Доб не раз задумывался — не были ли эти усилия, направленные на получение идеальных протезов — искусственно созданных из белка рук, ног… мозгов… — утопией? Зачем улучшать людей, отправляющихся в космос? Зачем давать им шансы, большие, нежели те, какие дала нам сама природа? «Человек с улучшенным мозгом», — сама мысль об этом казалась Добу абсурдной. Порой он чувствовал удовлетворение, что не ему первому она пришла в голову. Наверняка у людей из Института космической медицины были свои соображения, но…
Он усмехнулся: «Если бы прошел номер с аксонами, мы могли бы создавать искусственных людей. Но зачем? Кому они нужны?»
— Эта мысль, как и раньше, показалось ему абсурдной.
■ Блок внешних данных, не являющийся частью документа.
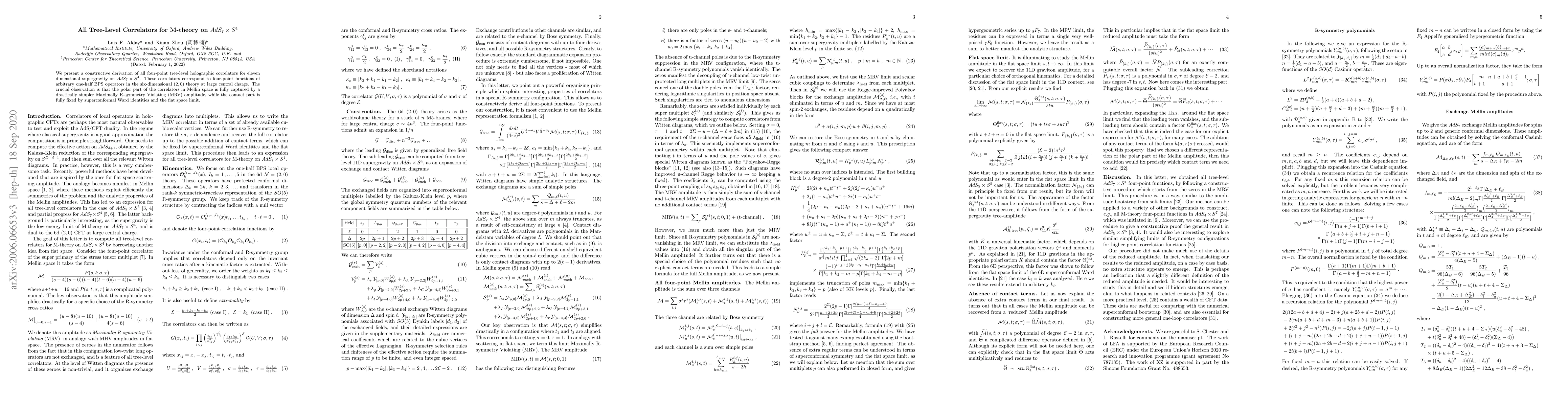 This paper derives all four-point tree-level holographic correlators for M-theory on $AdS_7 \times S^4$, showing that the polar part of these correlators in Mellin space is determined by a simpler Maximally R-symmetry Violating amplitude, while the contact part is fixed by superconformal Ward identities and the flat space limit.

— «Если стремление человека к созданию все более совершенных автоматов оправдано, то желание создать искусственного человека — сущий идиотизм. Что бы мы стали с ним делать? И в чем заключается эта искусственность? В способе его возникновения? Но этот способ не более искусствен, чем тот, при помощи которого возникаем мы, — в конце концов здесь все зависит только от точки зрения. Он не отличался бы от нас ничем, кроме этого. Стало быть, мы попросту создавали бы людей лучших, более совершенных, чем мы сами. А те в свою очередь принялись бы улучшать нас, придя к вполне логичному выводу, что нас следует переделать по их образу и подобию. Разница между ними и нами существовала бы недолго… С автоматами намного проще. Пожалуй, в человеке заложено врожденное стремление к конструированию мыслящих существ из неживой материи. Мысль о том, что их уровень развития ниже нашего, порождает в нас сознание власти над ними. С другой стороны, таким образом мы обеспечиваем себя верными, более безотказными союзниками в наших исследованиях. Для нас они — в определенном смысле существа второго сорта. Но при этом никто не может обвинить нас в отсутствии гуманизма и демократизма».
Мягкий гул автофона прервал мысли профессора. Он нажал красную кнопку, и на экране возникло цветное изображение. Доб увидел взволнованное лицо Фрея.
— Слушаю вас, Фрей… Опять? — спросил он.
— Вот именно, профессор, вот именно. Я шел вдоль ограды, гляжу — блеснуло и погасло. Сначала я решил, что мне показалось… Ан нет, снова блеснуло и горит до сих пор.
— Так вы хотите, чтобы я приехал?
— Это было бы лучше всего, профессор… У вас есть ключ, можно бы заглянуть, посмотреть. Может, позвонить доктору Миснеру и профессору Дэвису, чтобы…
— Не надо, Фрей, — резко прервал его Доб. — Я приеду сам, нечего шуметь, подождите, я буду минут через десять.